[Data items]

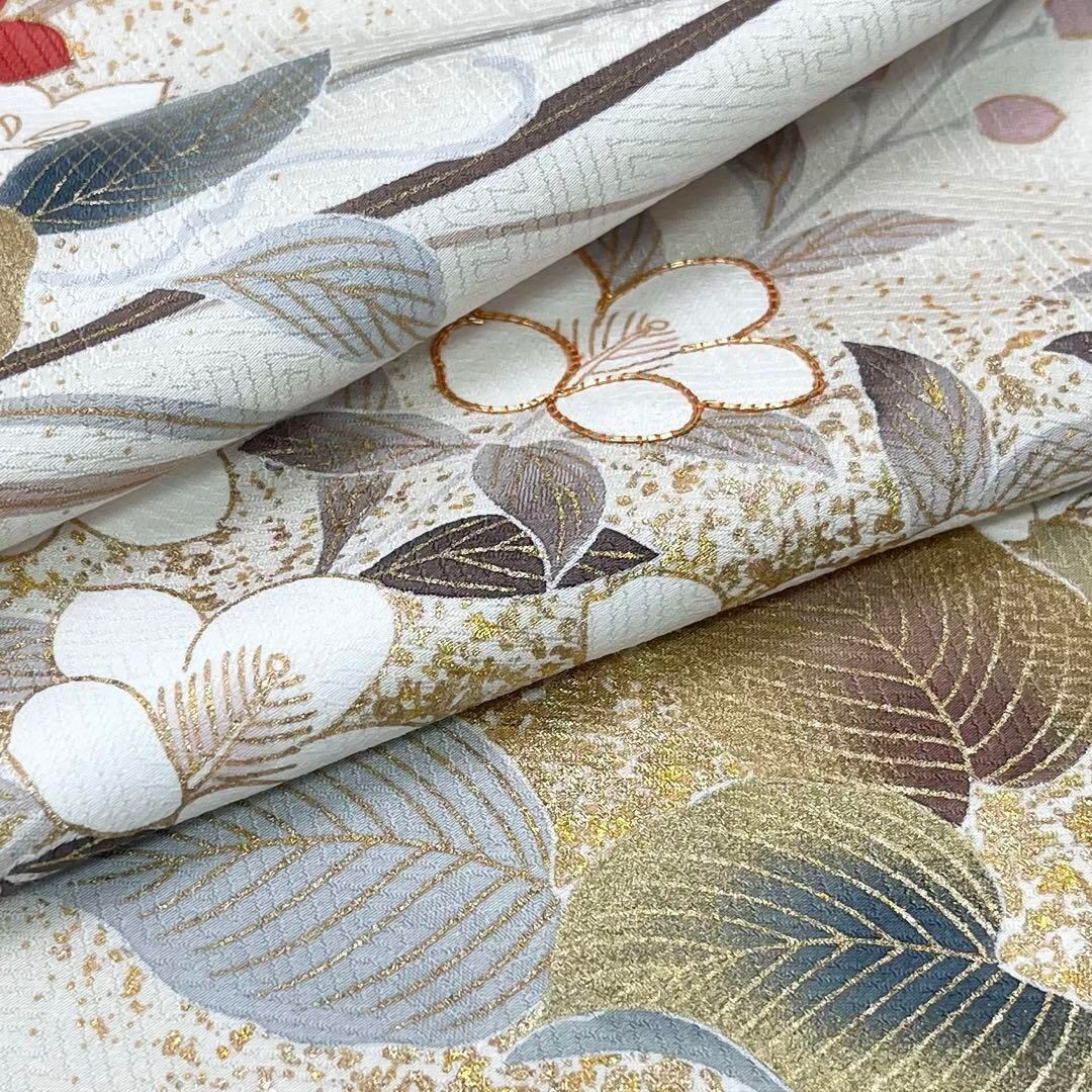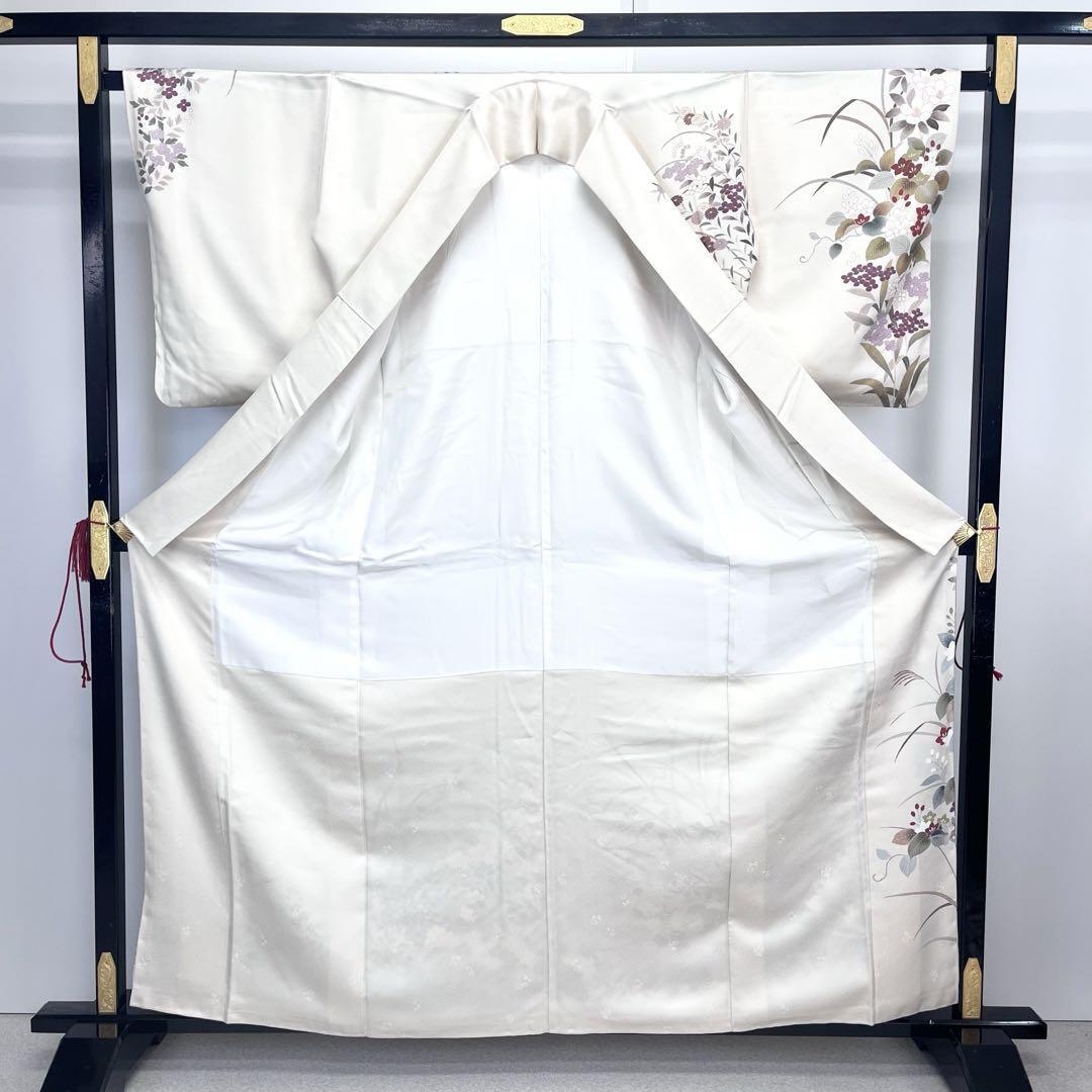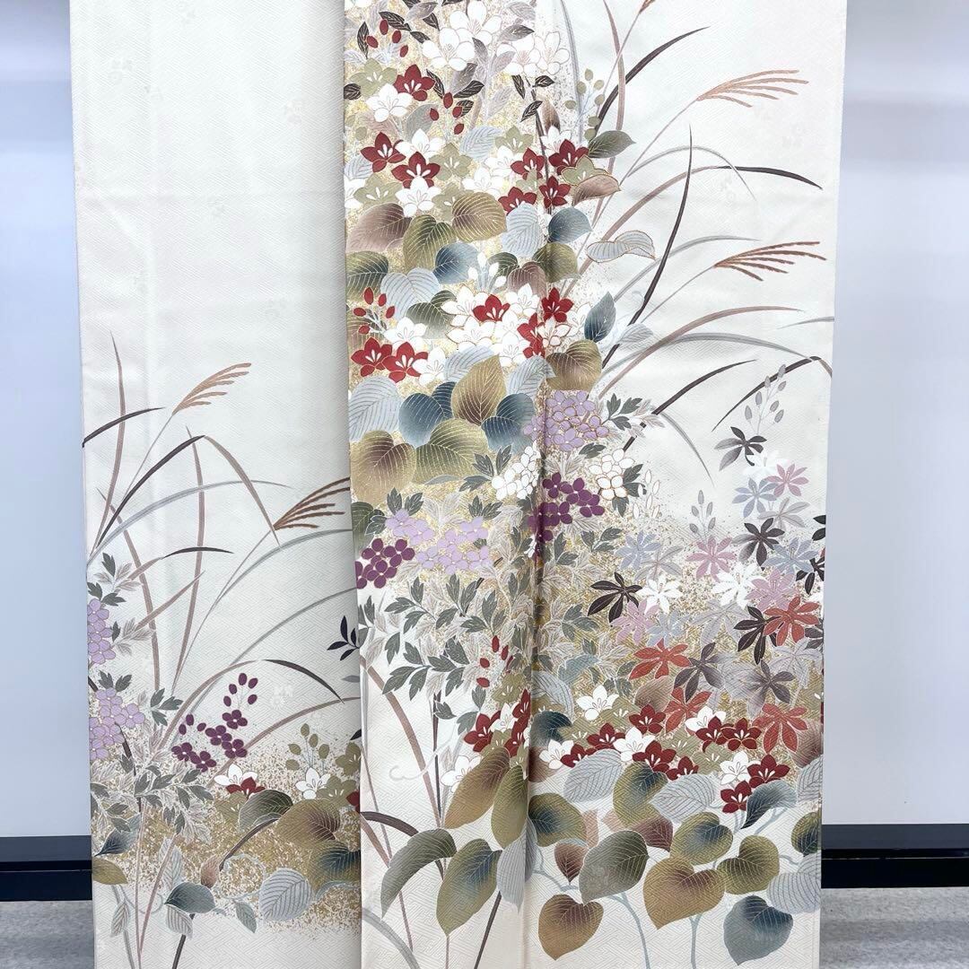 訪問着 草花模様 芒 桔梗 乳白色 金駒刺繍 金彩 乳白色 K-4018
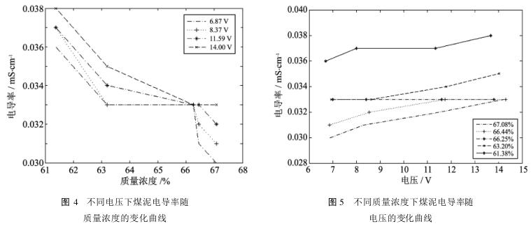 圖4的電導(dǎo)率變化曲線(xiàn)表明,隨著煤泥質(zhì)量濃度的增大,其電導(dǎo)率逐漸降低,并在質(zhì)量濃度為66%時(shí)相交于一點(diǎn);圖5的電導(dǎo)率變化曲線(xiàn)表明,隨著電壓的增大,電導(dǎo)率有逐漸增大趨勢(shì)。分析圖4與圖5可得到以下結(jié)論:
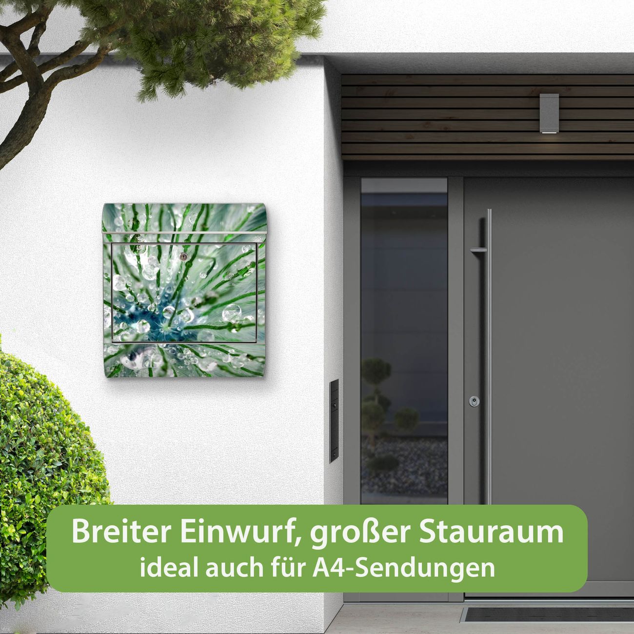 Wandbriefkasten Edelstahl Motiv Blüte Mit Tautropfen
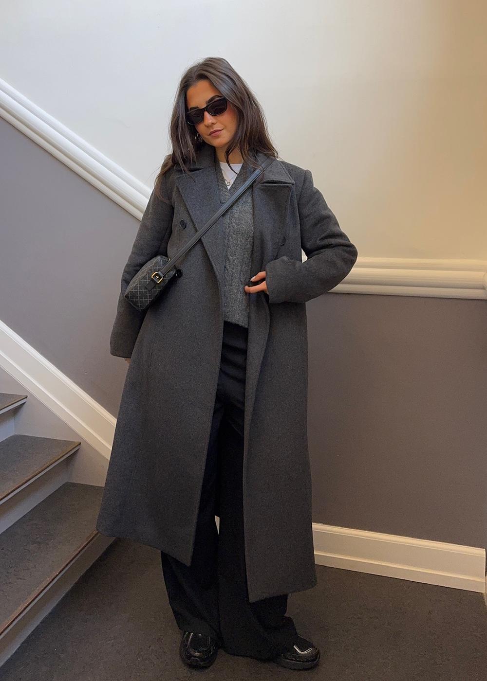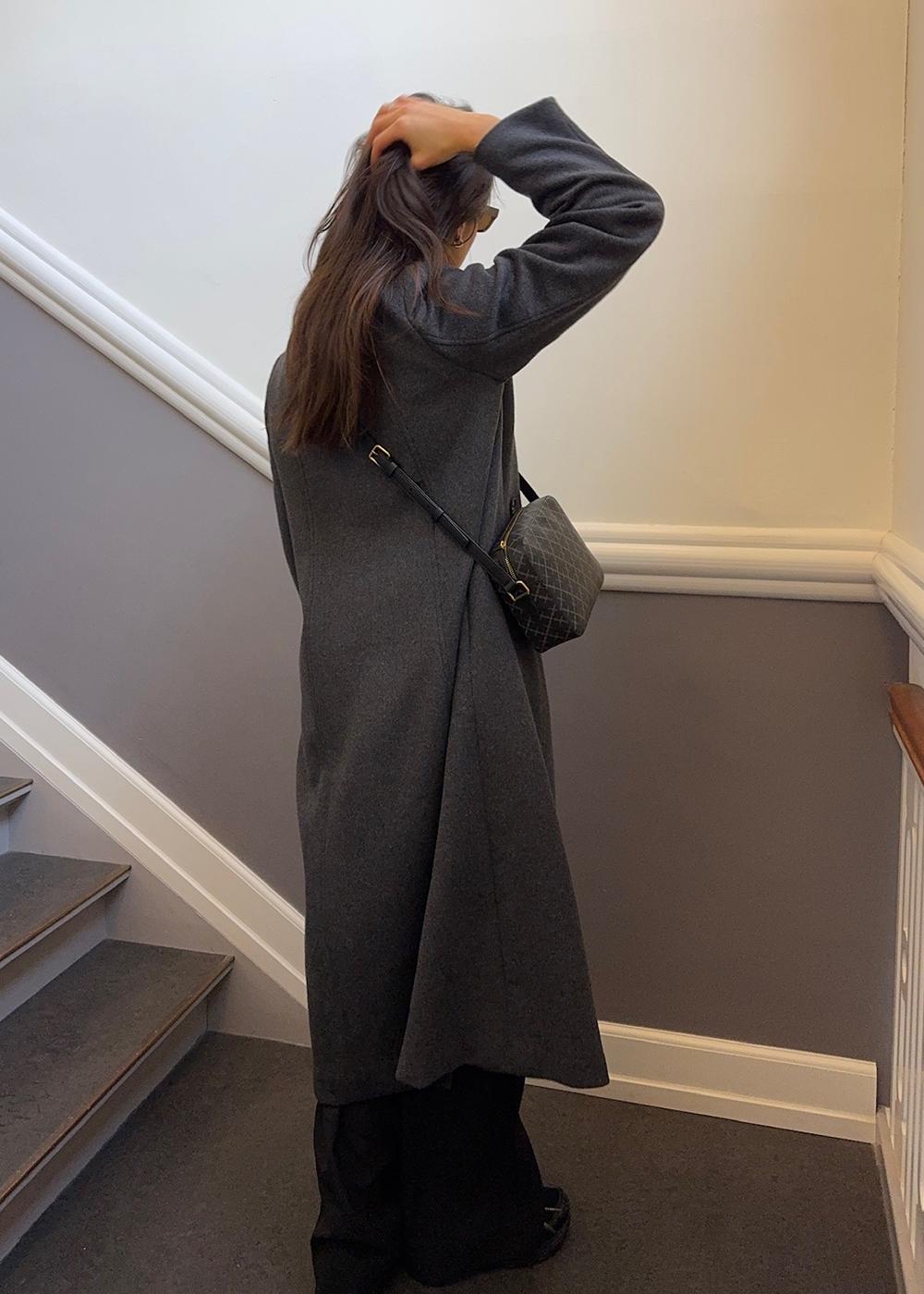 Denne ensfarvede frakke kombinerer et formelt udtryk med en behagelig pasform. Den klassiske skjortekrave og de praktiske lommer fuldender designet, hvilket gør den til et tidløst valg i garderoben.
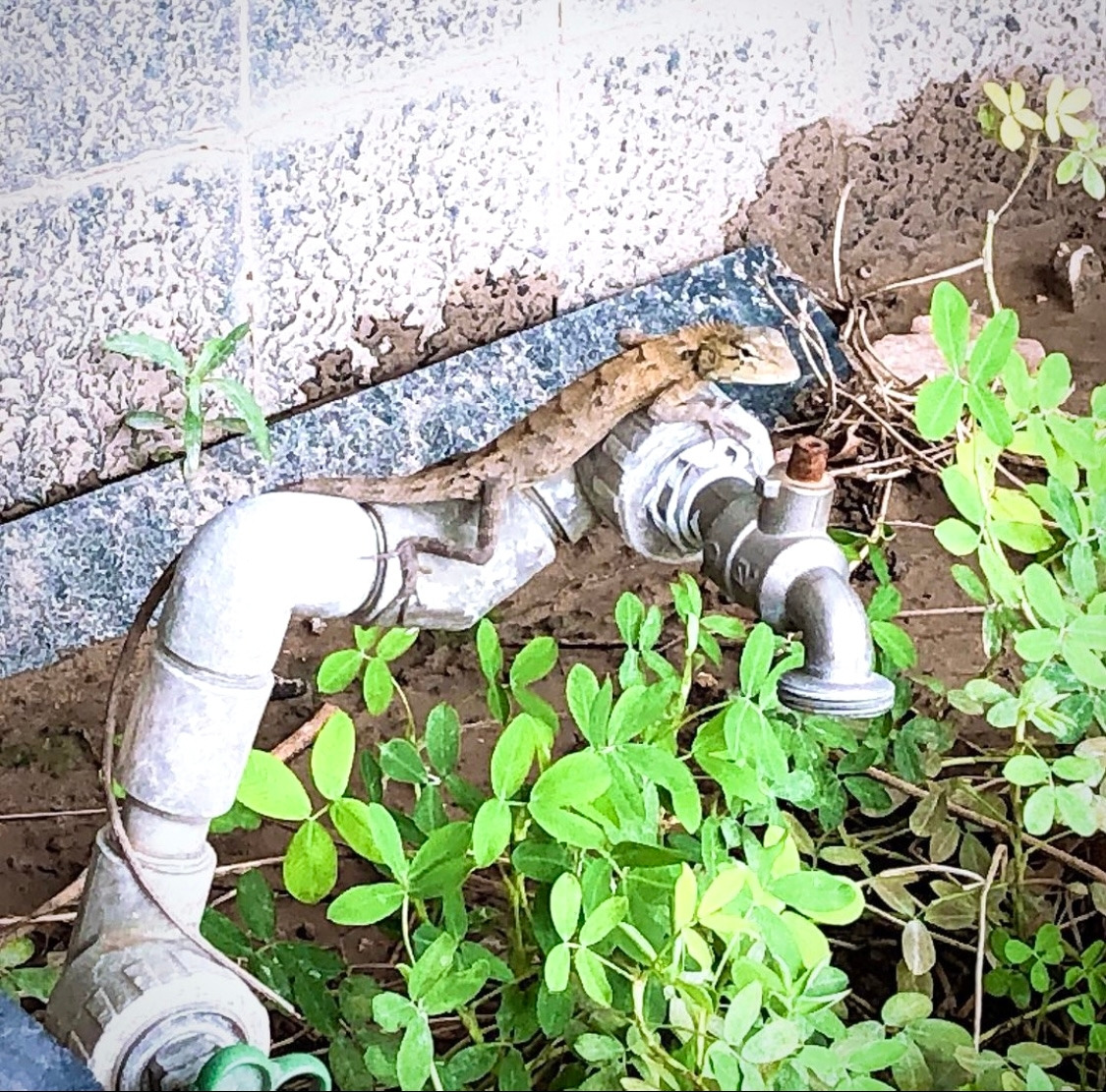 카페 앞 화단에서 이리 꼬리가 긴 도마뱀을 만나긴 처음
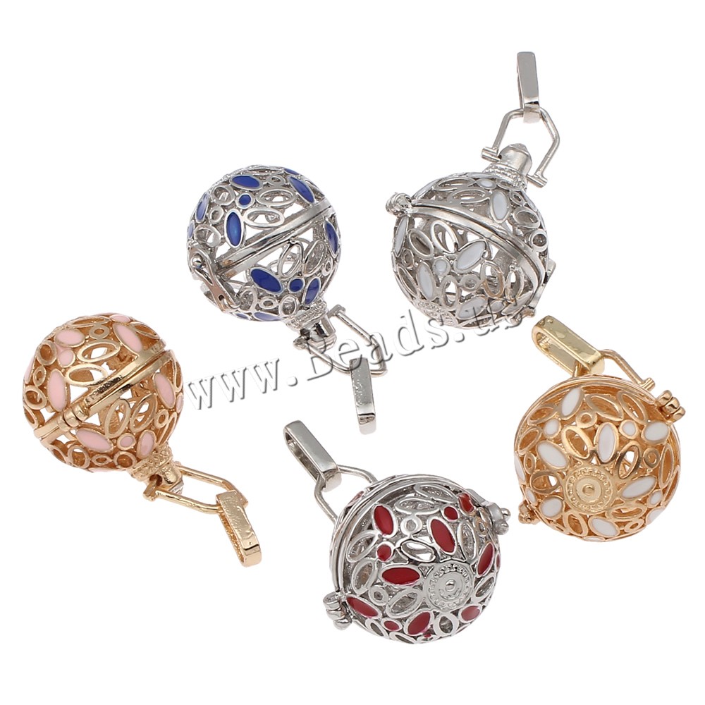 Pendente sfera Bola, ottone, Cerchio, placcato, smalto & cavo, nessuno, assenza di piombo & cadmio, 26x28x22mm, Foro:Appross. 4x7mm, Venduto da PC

EXERCISE GOAL:
Your answer should be the lines from the first record down to the line containing "카페 앞 화단에서 이리 꼬리가 긴 도마뱀을 만나긴 처음", restated exactly, with no pictures.

ANSWER BELOW:
 訪問着 草花模様 芒 桔梗 乳白色 金駒刺繍 金彩 乳白色 K-4018
 圖4的電導(dǎo)率變化曲線(xiàn)表明,隨著煤泥質(zhì)量濃度的增大,其電導(dǎo)率逐漸降低,并在質(zhì)量濃度為66%時(shí)相交于一點(diǎn);圖5的電導(dǎo)率變化曲線(xiàn)表明,隨著電壓的增大,電導(dǎo)率有逐漸增大趨勢(shì)。分析圖4與圖5可得到以下結(jié)論:
 Wandbriefkasten Edelstahl Motiv Blüte Mit Tautropfen
 Denne ensfarvede frakke kombinerer et formelt udtryk med en behagelig pasform. Den klassiske skjortekrave og de praktiske lommer fuldender designet, hvilket gør den til et tidløst valg i garderoben.
 카페 앞 화단에서 이리 꼬리가 긴 도마뱀을 만나긴 처음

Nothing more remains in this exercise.